Look through the records below for the line with "Описание Диск пильный" and the line with "A trendy pair", then return those lines and all lines between, exactly.

Extracted records:
= = =

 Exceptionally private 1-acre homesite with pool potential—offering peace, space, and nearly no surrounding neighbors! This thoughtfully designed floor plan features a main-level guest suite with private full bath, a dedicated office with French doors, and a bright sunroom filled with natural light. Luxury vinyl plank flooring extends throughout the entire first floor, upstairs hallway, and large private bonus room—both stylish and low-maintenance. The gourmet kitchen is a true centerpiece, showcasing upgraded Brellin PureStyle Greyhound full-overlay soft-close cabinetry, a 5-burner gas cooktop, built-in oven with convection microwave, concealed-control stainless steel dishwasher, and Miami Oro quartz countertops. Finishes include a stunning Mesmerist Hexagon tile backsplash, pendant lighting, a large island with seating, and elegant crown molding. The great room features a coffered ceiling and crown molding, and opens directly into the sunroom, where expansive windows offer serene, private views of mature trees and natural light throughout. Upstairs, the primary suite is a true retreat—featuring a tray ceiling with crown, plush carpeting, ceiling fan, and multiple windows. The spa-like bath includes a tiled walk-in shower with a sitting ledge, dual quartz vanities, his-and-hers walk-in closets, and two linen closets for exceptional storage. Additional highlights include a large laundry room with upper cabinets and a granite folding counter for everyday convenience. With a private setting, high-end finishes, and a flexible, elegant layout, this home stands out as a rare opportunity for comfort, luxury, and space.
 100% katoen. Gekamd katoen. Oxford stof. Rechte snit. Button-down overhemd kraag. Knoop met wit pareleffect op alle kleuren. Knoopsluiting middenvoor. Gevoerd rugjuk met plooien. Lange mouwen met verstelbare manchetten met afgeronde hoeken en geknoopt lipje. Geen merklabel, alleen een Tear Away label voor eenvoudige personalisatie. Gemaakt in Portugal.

= = =

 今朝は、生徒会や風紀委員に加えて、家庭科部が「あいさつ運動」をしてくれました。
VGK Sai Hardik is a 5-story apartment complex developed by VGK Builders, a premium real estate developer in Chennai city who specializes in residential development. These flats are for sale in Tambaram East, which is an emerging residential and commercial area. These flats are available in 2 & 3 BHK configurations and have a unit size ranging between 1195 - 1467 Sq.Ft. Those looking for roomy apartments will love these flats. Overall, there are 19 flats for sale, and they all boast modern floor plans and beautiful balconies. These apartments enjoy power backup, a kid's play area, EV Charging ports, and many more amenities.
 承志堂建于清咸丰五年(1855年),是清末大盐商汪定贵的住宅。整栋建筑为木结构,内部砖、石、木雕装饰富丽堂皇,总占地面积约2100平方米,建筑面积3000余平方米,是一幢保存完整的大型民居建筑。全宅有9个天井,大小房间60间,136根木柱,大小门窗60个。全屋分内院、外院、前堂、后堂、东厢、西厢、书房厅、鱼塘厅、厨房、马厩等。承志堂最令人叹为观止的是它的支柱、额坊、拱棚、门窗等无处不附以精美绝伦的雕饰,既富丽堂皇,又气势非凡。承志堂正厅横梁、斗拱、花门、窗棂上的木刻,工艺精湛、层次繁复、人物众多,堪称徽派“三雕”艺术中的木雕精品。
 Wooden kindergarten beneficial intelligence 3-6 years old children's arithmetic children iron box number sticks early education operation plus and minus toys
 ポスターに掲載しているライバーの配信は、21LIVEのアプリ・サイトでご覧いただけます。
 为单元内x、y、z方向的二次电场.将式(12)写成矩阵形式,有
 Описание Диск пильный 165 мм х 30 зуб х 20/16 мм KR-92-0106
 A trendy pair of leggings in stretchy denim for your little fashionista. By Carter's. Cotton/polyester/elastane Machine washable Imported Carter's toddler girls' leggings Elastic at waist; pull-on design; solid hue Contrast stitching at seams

= = =

Response for this exercise:
 Описание Диск пильный 165 мм х 30 зуб х 20/16 мм KR-92-0106
 A trendy pair of leggings in stretchy denim for your little fashionista. By Carter's. Cotton/polyester/elastane Machine washable Imported Carter's toddler girls' leggings Elastic at waist; pull-on design; solid hue Contrast stitching at seams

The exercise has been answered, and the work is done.